Sport is based around passion, and people want to win and they want to achieve success and they want to do as well as they possibly can and sport needs people to be that way. If people didn’t care, then nobody would be invested in sport and sport wouldn’t matter. So it’s good that athletes are passionate, they want to do everything they possibly can to be successful. But, that does not extend as far as cheating and people do cheat because that passion gets out of control. And what you need to have, I believe, is passion that involves being proud of the way that you do it and so you can be passionate about wanting to be the best that you possibly can, but also passionate about doing that in a way that is ethical and moral and that you’re proud of.

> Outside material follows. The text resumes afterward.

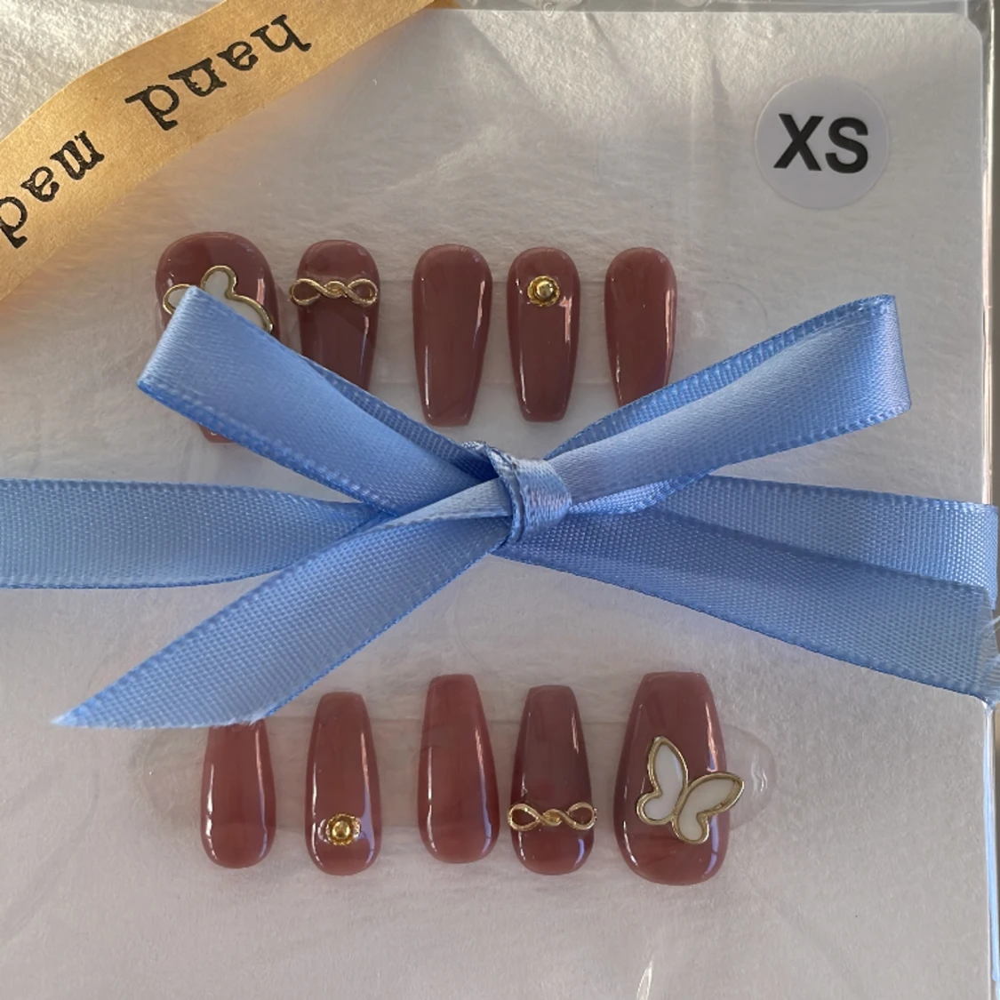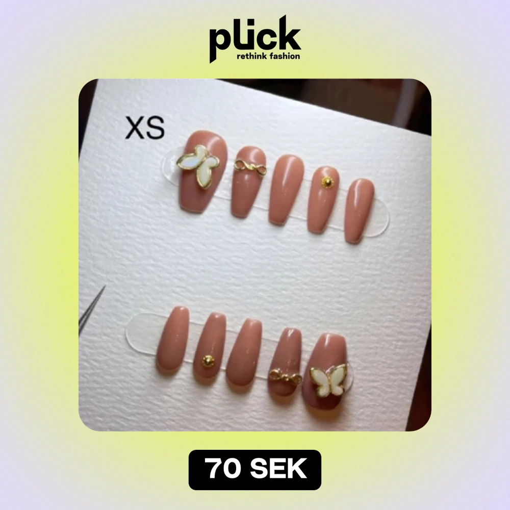 JĂ€ttefina press on naglar köpta frĂ„n Von_Sua (finns pĂ„ plick) i storlek Xs (14mm, 11mm, 11,5mm, 10mm, 8mm) med ingĂ„end nagelkitt (nagellim, fil, vĂ„tservetter). Ej anvĂ€nda dĂ„ de tyvĂ€rr var för smĂ„. Paketet Ă€r öppnat dĂ„ jag insĂ„g att de inte passade.đ

And those passions can align to create a really healthy relationship with sport and with wanting to achieve high success. And I think that the reason people cheat is because their passion to succeed is not lined up with their ownership over their own results and their desire to do it a way that they’re proud of. I think that everybody in the youth sports community can really prioritize the positive aspects of being an athlete. And that includes being proud of the process and being involved in making sure that athletes are educated about what they’re doing and are wanting to be the best that they can be personally and not so focused on outcome goals, especially at a really young age.
Because if you can teach an athlete to work hard and to show the relationship between dedication and success, then that athlete is going to be self motivated but also, going to take pride in doing it the way that they know is right, as opposed to pushing an athlete to achieve success early, regardless of the cost. I think it’s really important to differentiate positive desire to succeed from an all-encompassing need to achieve results.